Les parties ont été informées, en application des dispositions de l’article R. 611-7 du code de justice administrative, que le jugement est susceptible d’être fondé sur un moyen relevé d’office, tiré de l’irrecevabilité des conclusions à fin d’annulation de la décision du 16 juillet 2020, notifiée le 25 juillet 2020, en raison de la tardiveté de la requête enregistrée le 16 mars 2021 dès lors que le recours gracieux formé le 21 janvier 2021, soit après l’expiration, le 26 septembre 2021, du délai de recours de deux mois prévu par les dispositions de l’article R. 421-1 du code de justice administrative, n’a pas eu pour effet d’interrompre le délai de recours contentieux contre cette décision.
M. B a présenté, en réponse à ce moyen d’ordre public, des observations qui ont été enregistrées le 22 mars 2024.
Vu les autres pièces du dossier.
Vu :
— la loi n° 83-634 du 13 juillet 1983 ;
— le décret n° 93-55 du 15 janvier 1993 ;
— le code de justice administrative.
Les parties ont été régulièrement averties du jour de l’audience.

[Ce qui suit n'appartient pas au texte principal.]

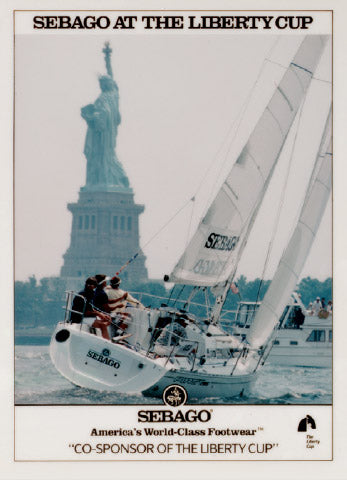 Popular with boaters, sailors and ship owners for their timeless elegance and sure-footed grip, Sebago's Docksides are naturally associated with many of the world's great marine races. Throughout the 1980s, the famous rubber-soled shoes with corrosion-resistant brass eyelets sailed alongside Gary Jobson in the 1983 America's Cup, but also in the Celebrity Regatta, the Newport Bermuda Race and the O-Star. In the 1990s, Sebago confirmed its status as a leader in nautical footwear by becoming the official equipment supplier of the American sailing team.

Ont été entendus au cours de l’audience publique :
— le rapport de Mme Martel,
— et les conclusions de M. Vauterin, rapporteur public.
Considérant ce qui suit :
1. M. B, professeur de lettres, a été placé en position de détachement auprès de l’AEFE et recruté, dans le cadre d’un contrat de résident, pour exercer ses fonctions au sein du lycée français de Tamatave à Madagascar. Par une décision du 16 juillet 2020, le directeur général de l’AEFE a informé M. B qu’il sera procédé à une reprise de rémunération de l’ordre de 15/30ème pour absence de service fait à compter du 25 avril 2020. Par un courriel du 21 janvier 2021, M. B a formé un recours gracieux contre cette décision. Par une décision du 26 février 2021, le directeur général de l’AEFE a rejeté ce recours. Par sa requête, M. B doit être regardé comme demandant l’annulation de la décision du 16 juillet 2020.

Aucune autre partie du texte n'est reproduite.